There are strange, secret things you can't understand.
Like the barren husband and wife who would have done anything to have a baby. Like the woman who thought it was her God-given calling to bear children for childless couples. Like the cool, reassuring doctor who could arrange everything—for a price.
Don't cry. Even though the secrets they keep will soon begin to torture them—soon grow into madness and violence and terror.
Don't cry. Maybe something can still save you. Hush, now...
Dr. Borg is an OB/GYN who is so cold and clinically detached he sits around on Christmas morning all alone, reading medical journals. An incestual affair with his sister doesn't even bring him out of his shell. Fortunately, he's found a "perfect breeder" from the back country who orgasms during childbirth and is capable of squirting out many, many children for him to sell to women who chose careers over families and now want to indulge in the "shameful act" of surrogate parenting. Later, he hires a hitman to run his patients over and a black woman goes, “Oh, Lordy! Lordy!”
Ah. The early 80s! Homophobia, casual racism and outdated attitudes! This was published in 1983 and has all of that in spades. I had to remind myself to adjust my mindset so that I didn't get too offended! I actually quite enjoyed this for the first half, when I wasn't sure where it was headed. But once it was clear how things were going to play out, it just bogged down and never recovered.
Surrogate mothers terrorising families or being terrorised themselves are a dime a dozen these days, particular in the land of made-for-TV movies, but this has to be one of the first. Back in 1983, nobody really knew what surrogacy was all about, so it was still quite controversial. Here, Amanda and Branch Whitney recruit the services of Dr. Barnard Borg, who implants Branch's sperm into devoutly religious mother-of-four Flora Butler. She believes giving babies to childless couples is a gift from God.
Except when her whole family is killed in a vehicle accident! Then she decides she wants her last child back!
It's a good concept - but it takes until page 200 (in a 272 page book) before Flora even faces off against the Whitneys for the first time. At which point they make the bizarre decision to let her live with them in the hope that might calm her down! Huh?
Like I said, I wasn't sure which direction this would go for about the first half. There's some mentions about how Dr. Borg wants to become a geneticist and create a superior race, which I thought might come into play, but never did. In fact, lots of subplots are thrown in that don't amount to much and really don't need to be there.
For example - Dr. Borg's incestuous relationship with his sister, Rochelle! He reveals that they're actually not related (he was adopted), and that takes the thrill out of it for him! Rochelle leaves her family to go live with him, and then goes home when she realises he doesn't want to marry her. It adds NOTHING to the central storyline. Why was it even there?!? The sections in the middle with Flora at the mental hospital got dull and helped drag the pacing down.

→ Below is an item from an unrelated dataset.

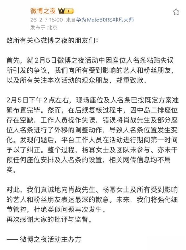 迫于舆论压力,当晚21点22分,微博之夜官方发布道歉声明:“盛典艺人座位和人名条贴纸引发的问题,是在场地下午已布置好的基础上,工作人员复查时粘贴错误”,同时表示已将座位牌改回原位。可这份迟来的道歉,不仅没有平息争议,反而被网友质疑“既然是粘贴错误,为何偏偏只改肖战的座位?为何改动时间卡在临开场前?”有路人直言:“这锅甩得太敷衍,当大家是傻子吗?”
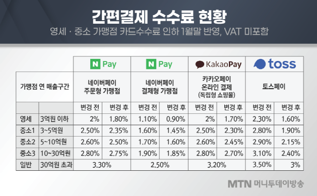국내 간편결제 서비스 수수료 현황 출처 - 머니투데이방송

It's briefly mentioned that one of Dr. Borg's patients is an undercover FBI agent looking to arrest him for baby-selling, but that's also dropped and never mentioned again. A subplot involving Flora's daughter Amy not being dead and suffering amnesia worked in a soap-opera sort of way. The climax was disappointing, taking place with our main characters off-the-page! What's with that?
I love trashy 80s horror pulp novels, but despite some salacious elements, this failed to live up to my expectations.
Surrogate mother, passing on their child after being artificially inseminated. Dr Borg, the gynecologist for these women selling their offspring. Dr Borg had a incestuous relationship with his sister. Who was his only true love. One of these surrogate mothers loses her own family in a tragic accident and wants her baby she sold back. Mental suffering, religious fanatics, and desperation. Not one of the authors better books. I wanted gore and death.